Disclaimer: I'm not a database person, even though I took a database class that covered (even then) relational databases, more than forty years ago. It doesn't seem to have changed that much.
SQLite is a relational database. So, conceptually anyway, a relational database organizes data in one or more tables. Each table contains rows. Each row contains different instances of the same collection of fields. One of the fields is identified as a primary key, a field that contains a unique value identifying a specific row in the table. The database system can optimize its indexing such that retrievals by the primary key can access a specific row very quickly, without scanning every row in the table. In this context, the term schema is used to describe the design and format of a relational database table.

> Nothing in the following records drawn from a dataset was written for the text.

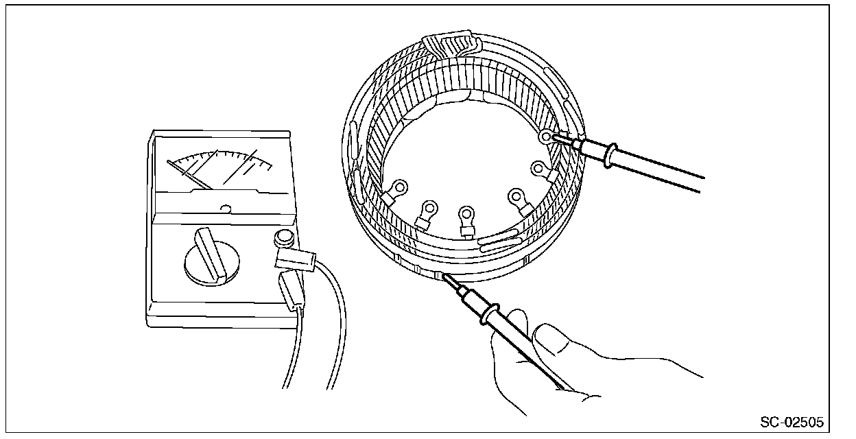 Inspect the continuity between the stator coil stator core and lead wire terminals. If there is continuity, replace the stator coil because the stator coil is grounded.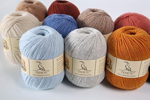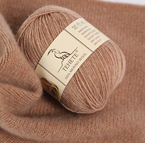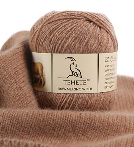 TEHETE 100% Merino Wool Yarn for Knitting 3-Ply Luxury Warm Soft Lightweight Crochet Yarn (Khaki)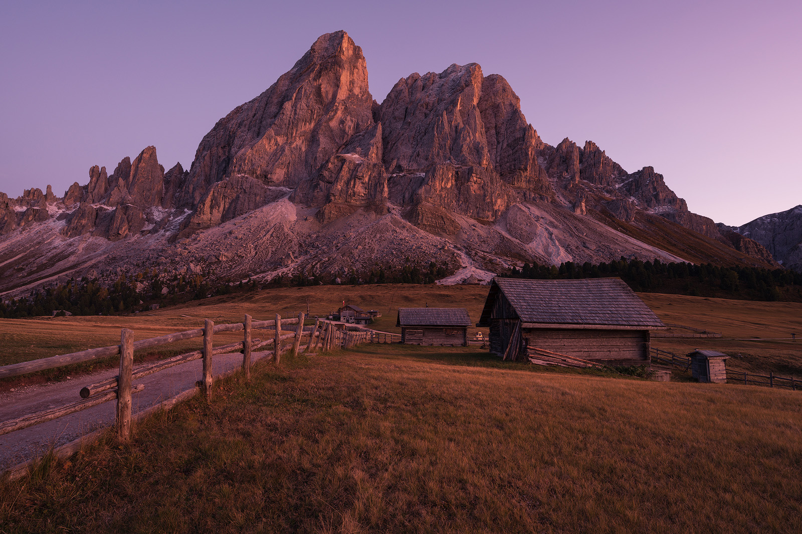 Day 3: We travel to Passo delle Erbe, photographing the iconic churches in the Val di Funes on the way. We shoot the San Giovanni church located in the middle of the meadow with the Odle Mountains as its backdrop. We then head to Santa Maddalena for an elevated view of the church and village. Overnight in Passo delle Erbe.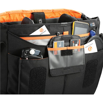 کیف شانه آویز ونگارد زیبا و بادوام دارای ظرفیت 1عدد دوربین DSLR با لنز متصل شده،3 تا 4 لنز اضافی،1 عدد فلاش و لوازم جانبی (کارت حافظه، کابل، باتری و شارژر)،لپ تاپ 10 اینچ
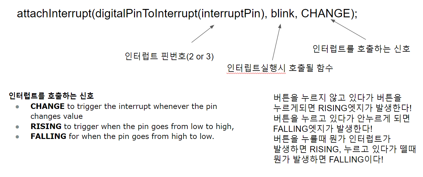 아두이노에서 인터럽트를 사용하기 위해서는 아래와 같은 함수가 필요합니다~!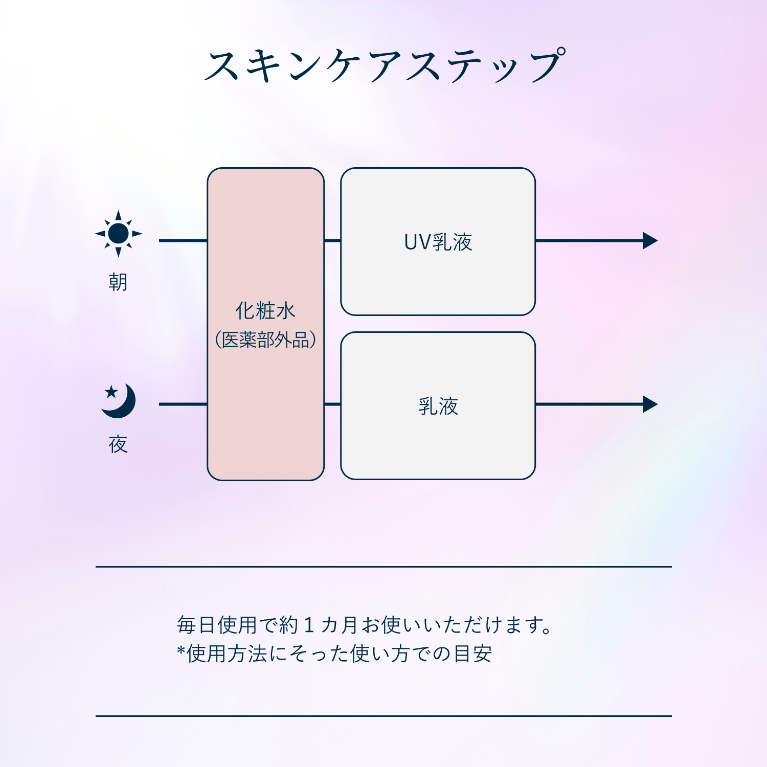 薬用美白化粧水。メラニンの生成を抑え、シミ・そばかすを防ぐ。

In the Placer repo, the C header file SchemaPath.h contains the following. (You can click on any of these images to see a larger version.)

IncludeSchemaPath

As you might guess, this code - somehow - describes the schema of a database table called Path. Every row in Path contains sixteen fields, named path, type, nlink, and so forth. The terms TEXT, TEXT16, INTEGER64, INTEGER, and BLOB, determine the type of the data that will be contained in the field. It seems likely that the field path is the primary key for the table. Some of the fields seem to be arrays, since they have an additional parameter that indicates a size.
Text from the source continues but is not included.